**Entries provided**
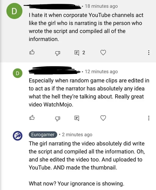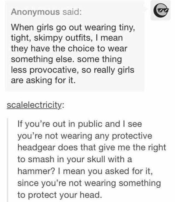 It’s a shame she had to spell it out for this person in the first place. By their logic, they might have to wear protective gear from here on out. Additionally, they should probably just stop walking around with their wallet, as clearly that’s them asking to get mugged. It’s just common sense, right?
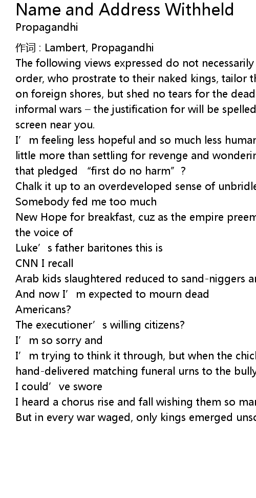 | 作词 : Lambert, Propagandhi | |
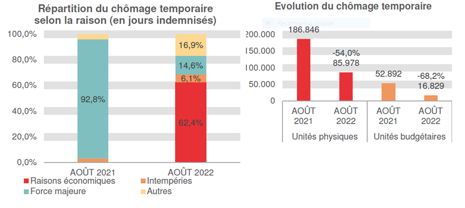 Pour un mois d'été, ces chiffres sont comparables à ceux de l'année 2016. Cependant, la part du chômage temporaire dû à la force majeure reste légèrement élevée, à 14,6%, alors qu'avant la crise, cette part est toujours restée bien en dessous de 10%.
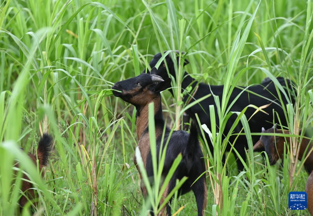 8月21日,在福建省永泰县清凉镇北斗村,以菌草为饲料养殖的富泉羊在“珍农菌草富泉羊循环产业示范基地”里吃菌草。
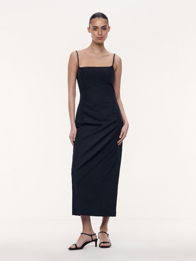 1. Для этой модели мы выбрали воздушную тафту с шелком. Ткань приятно шуршит и деликатно поблескивает 2. Создает женственный хрупкий силуэт благодаря глубокому вырезу каре и крою по фигуре 3. Садится на любой рост: бретели мы дополнили незаметными регуляторами 4. Подкладка из хлопкового батиста — чтобы в платье было комфортно весь день
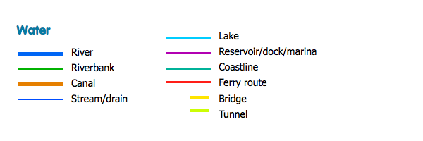 Первоисточник: http://www.openstreetmap.org Showing different types of water feature.
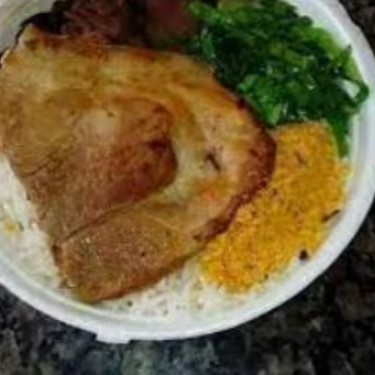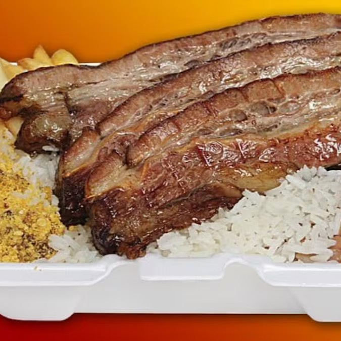 Marmitex G:bisteca Suína+ovo Frito+contra Filé Acebolado
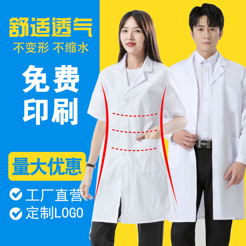 Белое пальто с длинным рукавом врачебная одежда аптека студент лаборатории пальто с коротким рукавом Пищевая Фабрика салон красоты медсестра рабочая одежда печать

**Exercise**
Once the pictures are removed, write out all of the entries above exactly.

**Response**
 It’s a shame she had to spell it out for this person in the first place. By their logic, they might have to wear protective gear from here on out. Additionally, they should probably just stop walking around with their wallet, as clearly that’s them asking to get mugged. It’s just common sense, right?
 | 作词 : Lambert, Propagandhi | |
 Pour un mois d'été, ces chiffres sont comparables à ceux de l'année 2016. Cependant, la part du chômage temporaire dû à la force majeure reste légèrement élevée, à 14,6%, alors qu'avant la crise, cette part est toujours restée bien en dessous de 10%.
 8月21日,在福建省永泰县清凉镇北斗村,以菌草为饲料养殖的富泉羊在“珍农菌草富泉羊循环产业示范基地”里吃菌草。
 1. Для этой модели мы выбрали воздушную тафту с шелком. Ткань приятно шуршит и деликатно поблескивает 2. Создает женственный хрупкий силуэт благодаря глубокому вырезу каре и крою по фигуре 3. Садится на любой рост: бретели мы дополнили незаметными регуляторами 4. Подкладка из хлопкового батиста — чтобы в платье было комфортно весь день
 Первоисточник: http://www.openstreetmap.org Showing different types of water feature.
 Marmitex G:bisteca Suína+ovo Frito+contra Filé Acebolado
 Белое пальто с длинным рукавом врачебная одежда аптека студент лаборатории пальто с коротким рукавом Пищевая Фабрика салон красоты медсестра рабочая одежда печать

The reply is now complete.